*WORK TASK*.
All lines below starting at the one that holds "Conservă ONTARIO pentru" and ending at the one that holds "Em seguda, abra" should be printed exactly, ends included. Pictures should not be printed, nor anything else.

*RECORDS TO PROCESS*.

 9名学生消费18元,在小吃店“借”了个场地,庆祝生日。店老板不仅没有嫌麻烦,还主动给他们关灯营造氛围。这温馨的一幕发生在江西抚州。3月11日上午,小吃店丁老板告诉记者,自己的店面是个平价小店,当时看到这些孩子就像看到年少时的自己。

---

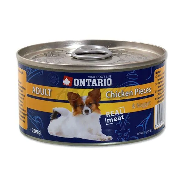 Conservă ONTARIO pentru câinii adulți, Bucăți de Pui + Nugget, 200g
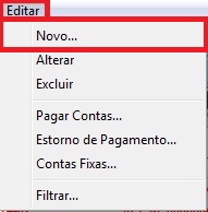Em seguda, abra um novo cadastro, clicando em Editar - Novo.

*RESPONSE*.
 Conservă ONTARIO pentru câinii adulți, Bucăți de Pui + Nugget, 200g
Em seguda, abra um novo cadastro, clicando em Editar - Novo.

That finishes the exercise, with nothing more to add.